The gas distribution assembly 310 may further utilize the gas to
reset the bolt assembly 306 and/or reset the trigger assembly
302.
[0026] In an embodiment, the trigger assembly 302 may include a
trigger 204 configured for manual actuation by a finger of a user.
Additionally, the trigger assembly 302 may include a hammer 308 for
catching and releasing the bolt assembly 306. The bolt assembly 306
may include a main spring 304 configured for mechanical actuation
of the bolt assembly. The main spring 304 may be configured to
provide a bias force to the bolt assembly 306 for biasing the bolt
assembly 306 in a specific position. In an embodiment, the trigger
assembly 302 may also include a striker linkage 312, coupled to a
striker pin 316, which is coupled to a striker pin bushing 314. The
striker linkage 312 may receive gas from the gas distribution
assembly 310 and cause the striker pin 316 to actuate into a
position that causes the striker pin bushing 314 to operate on the
hammer 308 and or trigger 204, thereby resetting the trigger
assembly into a cocked position.
[0027] FIG. 4 is a perspective view diagram illustrating one
embodiment of internal components of an upper receiver 104 for an
efficient high-velocity compressed gas-powered gun 100. In an
embodiment, the bolt assembly 306 includes a bolt bushing 402 with
a cam lock slot 404. In an embodiment, a cam pin 406 coupled to the
bolt carrier 410 may slide within the cam lock slot 404. In some
embodiments, the cam pin 406 may lock within a lock notch 408 in
the cam lock slot 404. The trigger assembly 302 may actuate the cam
pin 406 within the cam lock slot 404 to release the cam pin 406
from the lock notch 408, which may allow the bolt 410 to move
relative to the bolt bushing 402.
[0028] FIG. 5 is a perspective view diagram illustrating one
embodiment of internal components of an upper receiver 104 for an
efficient high-velocity compressed gas-powered gun 100. In an
embodiment, the upper receiver 102 includes a gas power supply
adapter 214 configured to receive gas from a gas power supply 110.

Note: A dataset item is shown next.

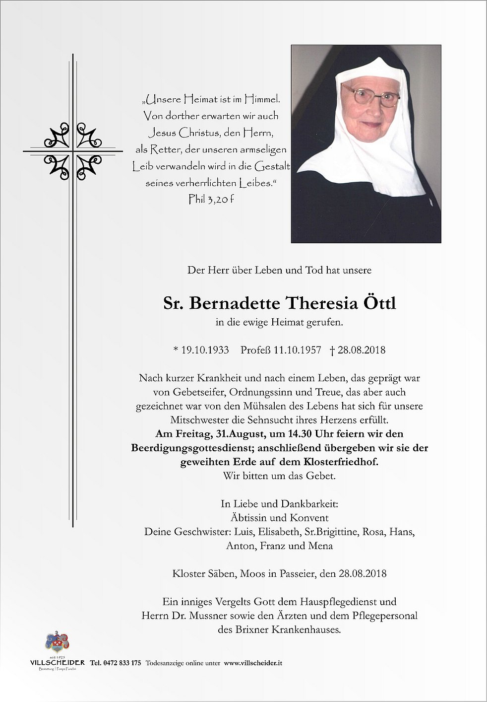 Am Freitag, 31.August, um 14.30 Uhr feiern wir den Beerdigungsgottesdienst; anschließend übergeben wir sie der geweihten Erde auf dem Klosterfriedhof.

In an embodiment, the gas may operate the bolt assembly 306. The
bolt assembly may include a recoil buffer 502 coupled to the bolt
carrier 410. The bolt may be coupled to the main spring 304 via
spring guide 506. Additionally, a charging handle 504 may be
coupled to the bolt carrier 410 for manual actuation of the bolt
assembly 306. The gas distribution assembly 310 may be coupled to a
gas transfer tube 508 configured to transfer gas for operation of
the bolt assembly 306. The lower receiver 102 may include a trigger
assembly 302 configured for release and retention of the bolt
assembly 306 to cock and fire the gun 100.
[0029] FIG. 6 is a side view diagram illustrating one embodiment of
a bolt assembly 306 of an efficient high-velocity compressed
gas-powered gun 100. In an embodiment, the bolt assembly 306
includes a bolt bushing 402. The bolt carrier 410 may be configured
to slide against a surface of the bolt bushing 402. The charging
handle 504 may be used to cock the bolt assembly 306 by actuating
the bolt carrier 410 relative to the bolt bushing 402 and
compressing the main spring 304 along the spring guide 506. In an
embodiment, the hammer cocking boss 606 may operate to cock the
trigger assembly 302. Additionally, the bolt probe 608 may be
inserted into a firing chamber by operation of the bolt assembly
306. The bolt probe O-ring 610 may seal the firing chamber,
preventing leakage of air ejected from the bolt probe 608.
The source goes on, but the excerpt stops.